Detailed Description
This will be a study under non-fasting conditions. The total number of healthy adult "operator" subjects (male and non-pregnant females) required for enrollment in this study protocol is nine (9). The total number of healthy adult "donor" subjects (male and non-pregnant females) required for enrollment in this study protocol is 135. These subjects will be distributed across three sites with the recruiting goal of three (3) operators and 45 subjects per site.
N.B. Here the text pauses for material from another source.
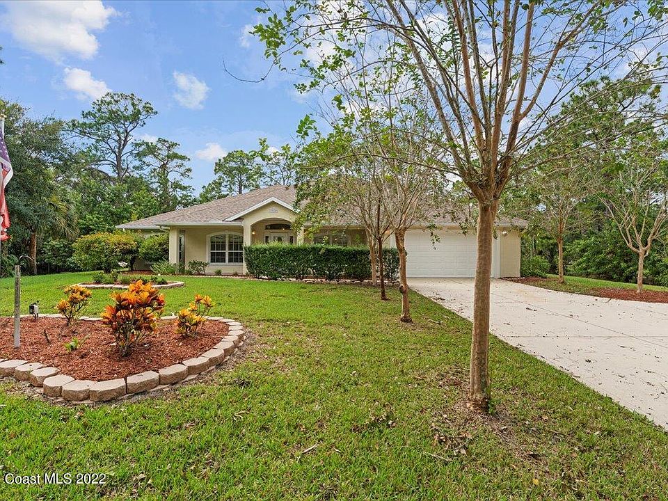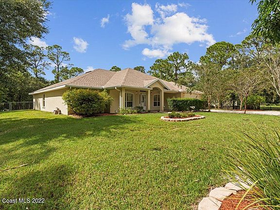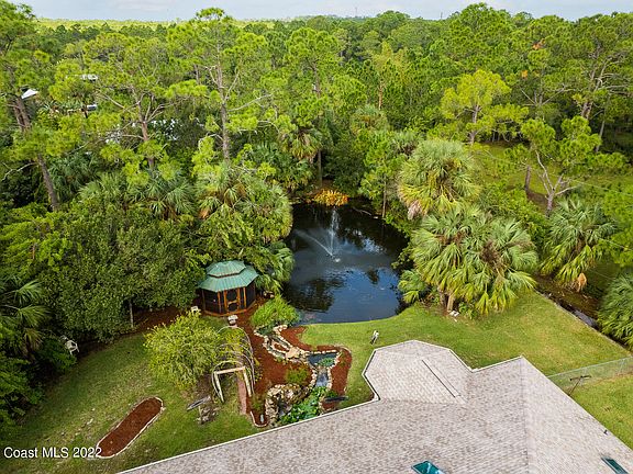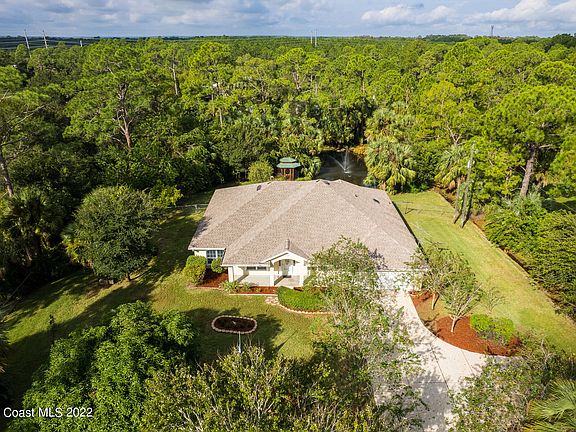 Meticulously maintained estate sitting on over an acre in beautiful West Melbourne, Florida. Enjoy your own outdoor oasis in this professionally landscaped yard. Hangout in the gazebo and watch the fish in the pond or relax on the back porch watching the wildlife. Recent updates and features to the home include: brand new roof (2022), AC system (2018), septic system pumped (2018), exterior painted and sealed (2018), irrigation system installed (2016), professionally inspected (2022), as well as new hurricane shutters and storage shed. Great location in close proximity to highway/great schools/business and just a short drive to Orlando and the beach.

Subjects will be recruited to participate as either "operator" or "donor." The total duration of the study, from check-in through the end of the study will be approximately three (3) days for "operators" with no overnight confinement, and one to eight hours for "donors" at two of the sites. At the third site, 31 "donors" will be dosed twice and will remain at the clinic overnight so that biological sampling can occur 24 hours after the first codeine dose. Because the "operators" are required to be at the clinic for three days, they may be recruited separately and compensated at a different rate than the "donors." "Operators" may be employed by the clinic. "Donors" at sites 1 and 2 will be block randomized to one of two cohorts: no codeine dose or 60 mg codeine dose. The goal is to complete the study with approximately 69% of subjects in the 60 mg cohort. "Donors" at site 3 will be randomized into one of two cohorts: no codeine dose or two 60 mg doses. The cohort receiving two 60 mg codeine doses will be confined at the clinic overnight to enable additional biological sampling events.